There’s a potential hole here in “For confidentiality reasons, we cannot disclose the details of these blocks,” but I don’t really know. The article is making some specific claims so I’d like to see the specifics in the rebuttal.
It doesn’t sound like there’s much dispute about the claim that automated methods can outperform human design. That is not a huge surprise, given that this is a well-defined optimization problem. Indeed, I’d like to see some discussion of what aspects of the problem make it so difficult that it wasn’t already machine-optimized. From the abstract: “Despite five decades of research, chip floorplanning has defied automation, requiring months of intense effort by physical design engineers to produce manufacturable layouts,” but the article also refers to “the state-of-the-art RePlAce,” so does that mean that RePLAce is only partly automatic?
The whole thing is a bit mysterious to me. I’m not saying the authors of this paper did anything wrong; I just don’t quite understand what’s being claimed here: in one place the big deal seems to be that this procedure is being automated; elsewhere the dispute seems to be a comparison to basic software.
Google’s problems with reproducibility
Google produces some great software. They also seem to follow the tech industry strategy of promoting vaporware, or, as we’d say in science, non-reproducible research.
We’ve seen two recent examples:
1. The LaMDA chatbot, which was extravagantly promoted by Google engineer Blaise Agüera y Arcas but with a bunch of non-reproducible examples. I posted on this multiple times and also contacted people within Google, but neither Agüera y Arcas nor anyone else has come forth with any evidence that the impressive conversational behavior claimed from LaMDA is reproducible. It might have happened or it might all be a product of careful editing, selection, and initialization—I have no idea!
2. University of California professor and Google employee Matthew Walker, who misrepresents data and promotes junk science regarding sleep.

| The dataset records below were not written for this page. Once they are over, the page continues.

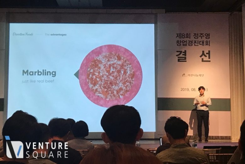 이어서 2부에서 만난 8팀 중에는 식물성 대체 식품을 개발한 ‘디보션푸드’가 관심을 끌었다. 디보션푸드는 식품 공학, 분자요리, 영양학, 조리과학 기술을 이용해 GMO 공법과 식품 첨가물을 배제한 건강한 대체육을 연구한다. 원천기술을 위해 1년 6개월간 연구를 거듭했으며 이를 바탕으로 실제 고기와 동일한 단백질 함량, 갈변 효과, 육즙을 갖지만 콜레스테롤 함량은 0%로 낮춘 대체육을 개발했다. 가격 경쟁력과 국내 생산 역시 디보션푸드 팀이 강조하는 차별점. 1kg당 13,000원 가량 판매가를 책정했으며 냉장 유통으로 품질 보존까지 고려했다는 설명이다. 뒤이어 발표한 7팀 중에서는 다음 3팀을 소개하고자 한다.
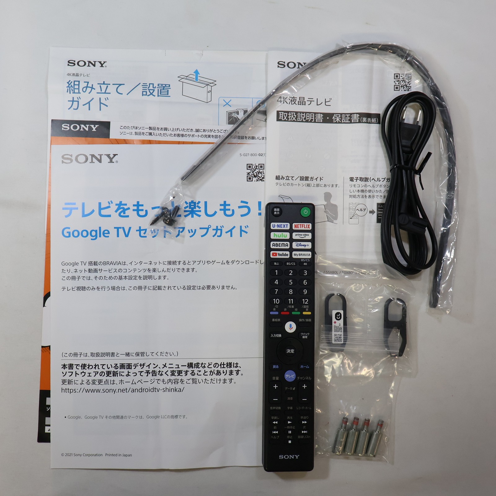 中古商品ランクについて 付属品・商品状態について 〔付属品〕説明書、組み立て/設置ガイド、Google TV セットアップガイド、製品登録のおすすめ、リモコン、スペーサー(VS)×4、ケーブルカバー(CL)×2、電源ケーブル、スタンド(SB1)、スタンド(SB2)、転倒防止用バンド一式(FB)
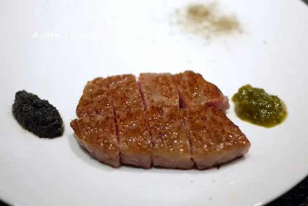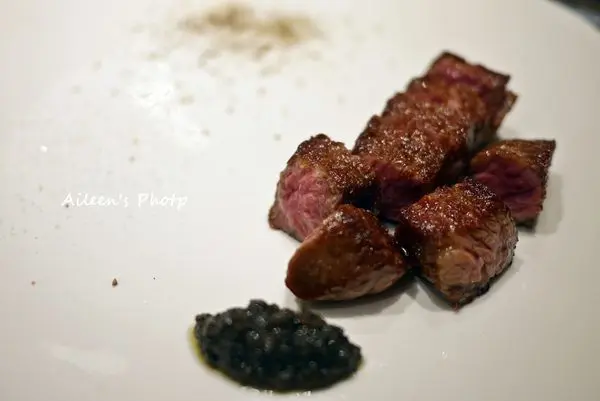 這個鹿兒島和牛沾上主廚特製的芥茉醬真的超對味的,加上魚子醬也非常的美味。
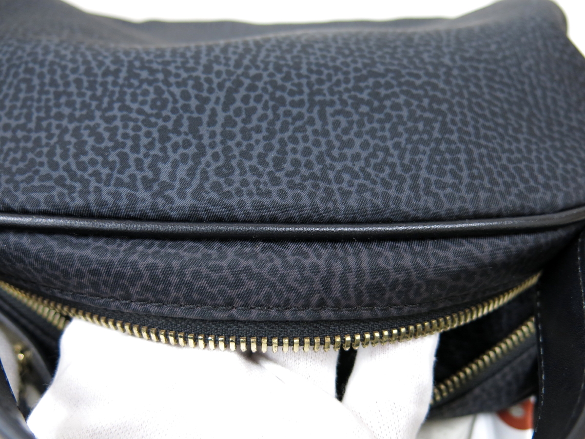 ◆超美品◆BORBONESE ボルボネーゼ◆うずら柄◆ナイロン カーフ レザー 本革◆2way ハンド ショルダー バッグ◆ブラック G金具◆A11518 收藏
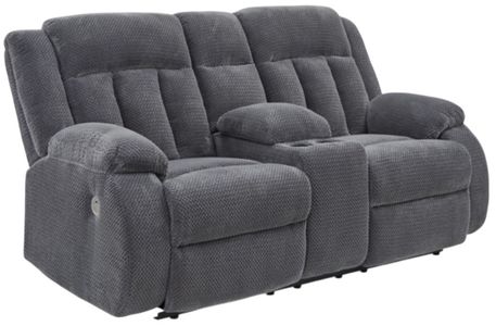There's no need to sacrifice looks for comfort—this Observation power reclining loveseat with console serves up both, plus a richly relaxed sense of style. Its steel-hued velvet upholstery is ultra soft, with a plush waffle weave for an added layer of interest.Read More

That doesn’t mean that Chatterjee is correct in the above dispute. I’m just saying it’s a complicated world out there, and you can’t necessarily believe a scientific or engineering claim coming out of Google (or anywhere else).
P.S. From comments, it seems that Google no longer employs Matthew Walker. That makes sense. It always seemed to a misfit for a data-focused company to be working with someone who’s famous for misrepresenting data.

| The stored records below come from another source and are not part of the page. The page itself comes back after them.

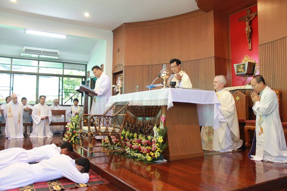 Hanno fatto il loro ingresso definitivo nella congregazione betharramita, dopo gli anni di studio, formazione e discernimento. Alfonso Prasertsepitakkiriboon e John Bosco Somai Sopaopas hanno fatto la professione perpetua nella cappella di Ban Bétharram a Chiang Mai. La celebrazione di sabato 18 marzo, in occasione della ricorrenza di San Giuseppe, è stata presieduta da padre Michael Tidkham, vicario della Thailandia, e dal superiore regionale Austin Hughes. Intorno ai due giovani si sono stretti amici, parenti e padri che sono giunti a Chiang Mai da tutto il Paese. Alfonso ha vissuto questo ultimo anno presso la missione di Maepon, mentre John Bosco ha aiutato Peter Phairote presso il seminario minore di Ban Betharram a Sampran.
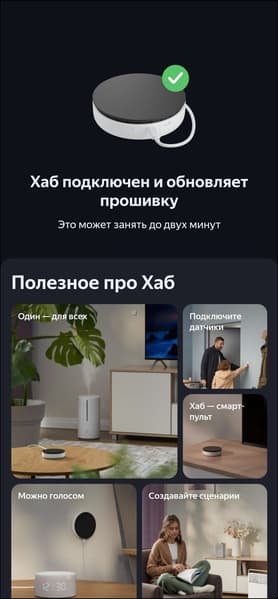 Мы выбрали беспроводную, ввели логин и пароль — готово. Несколько минут хаб обновляется, после чего готов к работе. Настроек минимум — можно лишь дать ему более удобное и понятное имя, но в нашем случае это совершенно не обязательно. О готовности к подключению, добавлении нового устройства и прочих событиях своей жизни Хаб сообщает звуковыми сигналами встроенного динамика — громкими, но не раздражающими.
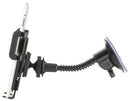 Designed to be fixed in one position but can be easily adjusted if necessary, this holder will accommodate a variety of different sized Smartphones and Tablets for your car, truck, or van. The adjustable holder sits on a lockable ball joint for angular adjustments to get the perfect viewing angle. The holding vice (sides and bottom) can be slid out of their grooves and moved to a wide or narrow grip. Vertical height can be lowered or raised and the main arm can be locked at specific vertical angles. Features a ratcheting suction mount for an extremely tight grip on a window or dash surface.
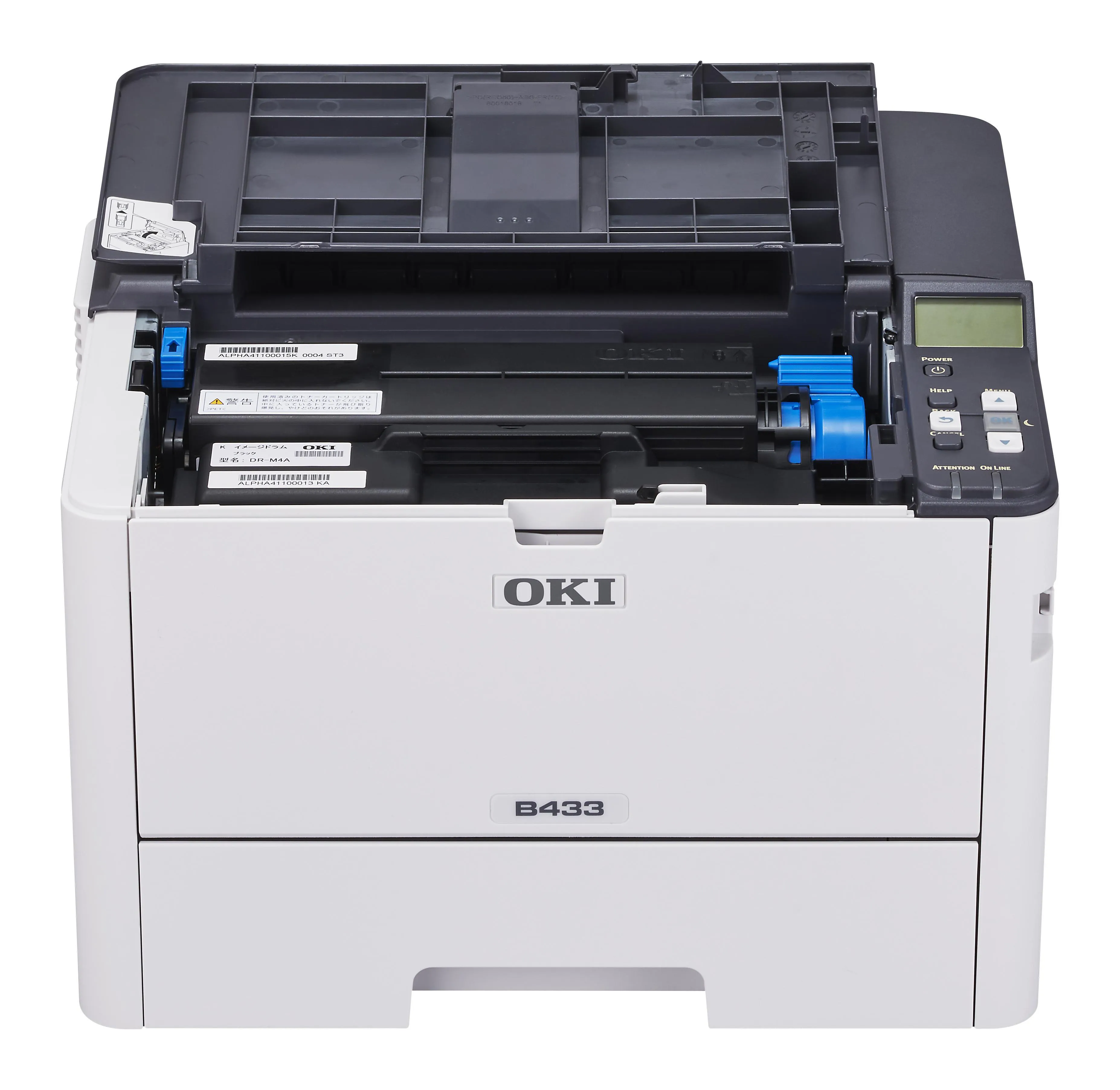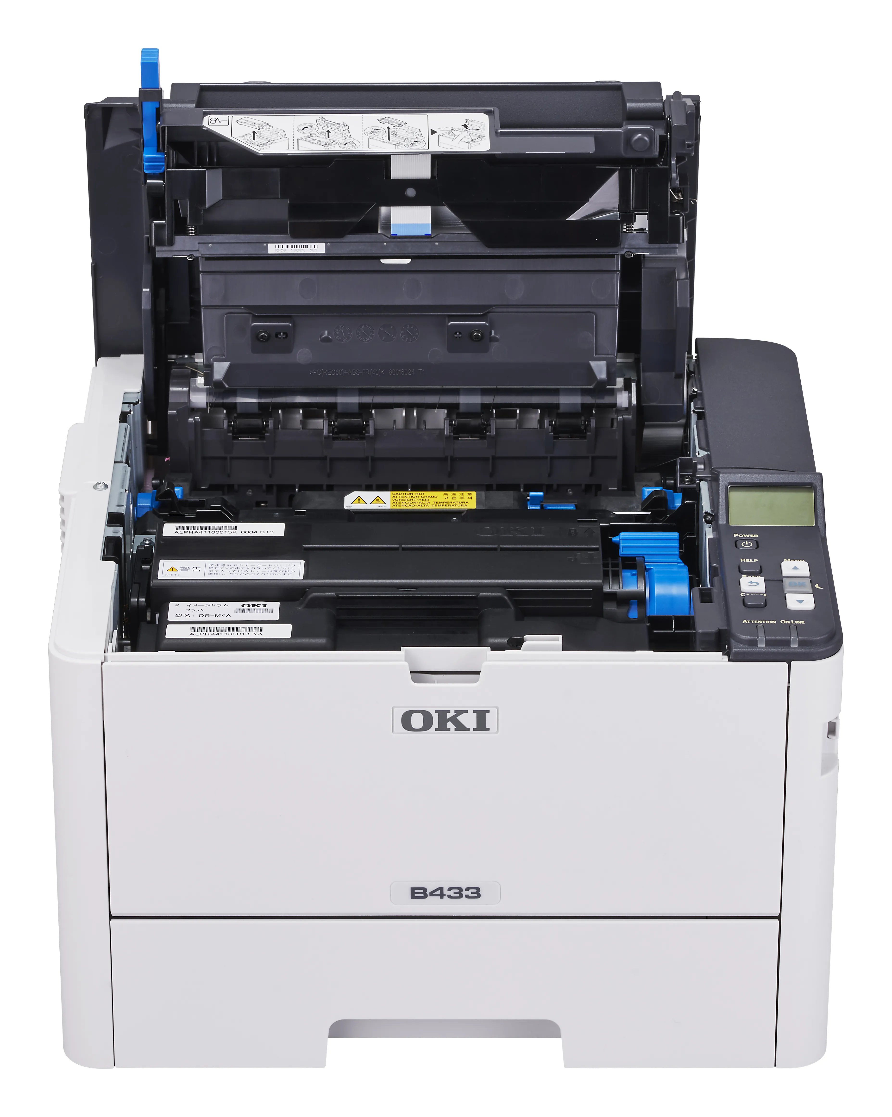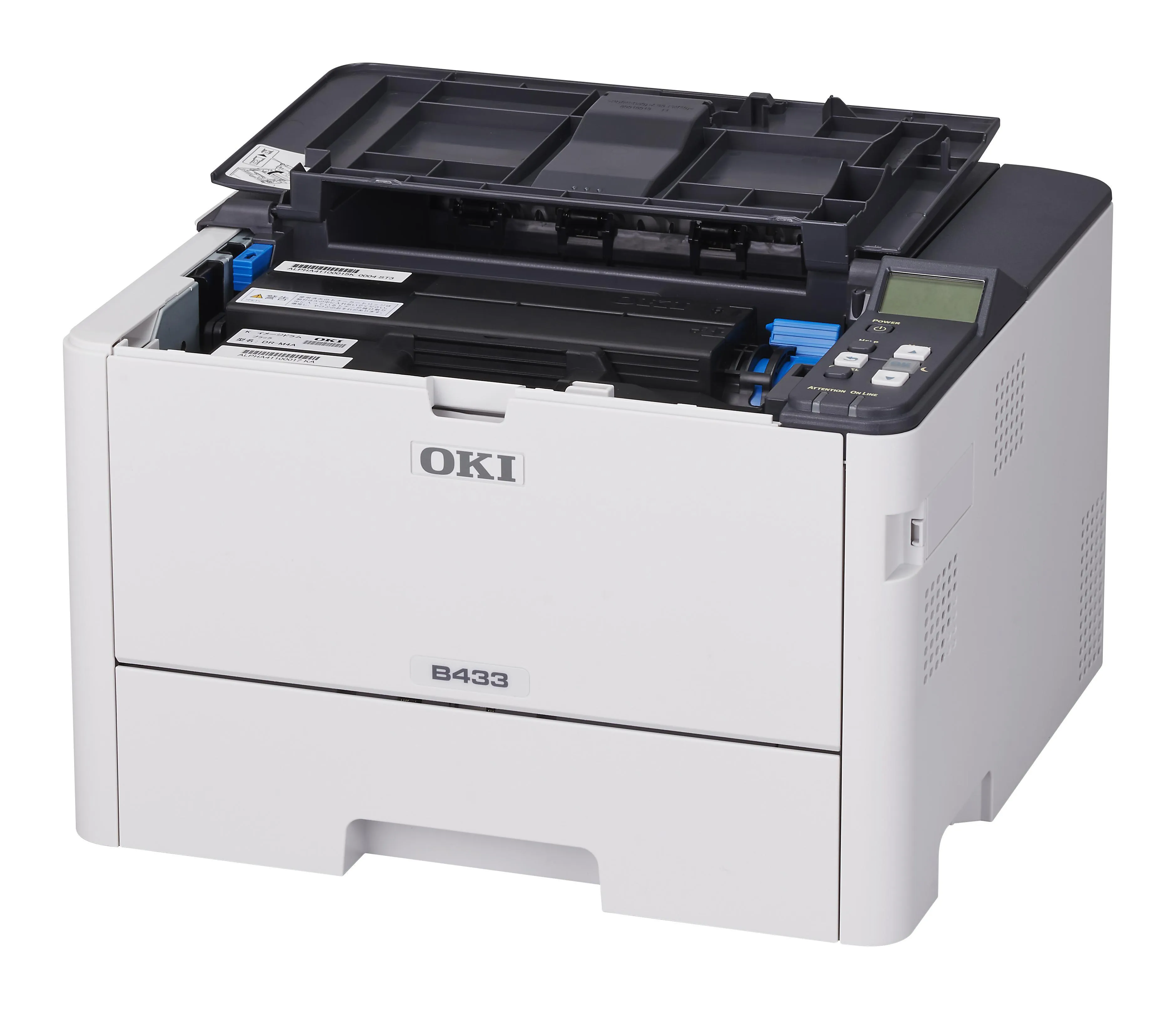 OKI B433 delivers fast 40 ppm mono printing with 1200 × 1200 dpi quality, standard duplex and Gigabit Ethernet. Optional Wi-Fi and a 530-sheet second tray let you scale the device as workloads increase.

P.P.S. An anonymous tipster sent me the mysterious Stronger Baselines paper. Here it is, and here’s the abstract:

This all leaves me even more confused. If Chatterjee et al. can “produce competitive layouts with computational resources smaller by orders of magnitude,” they could show that, no? Or, I guess not, because it’s all trade secrets.
This represents a real challenge for scholarly journals. On one hand, you don’t want them publishing research that can’t be reproduced; on the other hand, if the best work is being done in proprietary settings, what can you do? I don’t know the answer here. This is all setting aside personnel disputes at Google.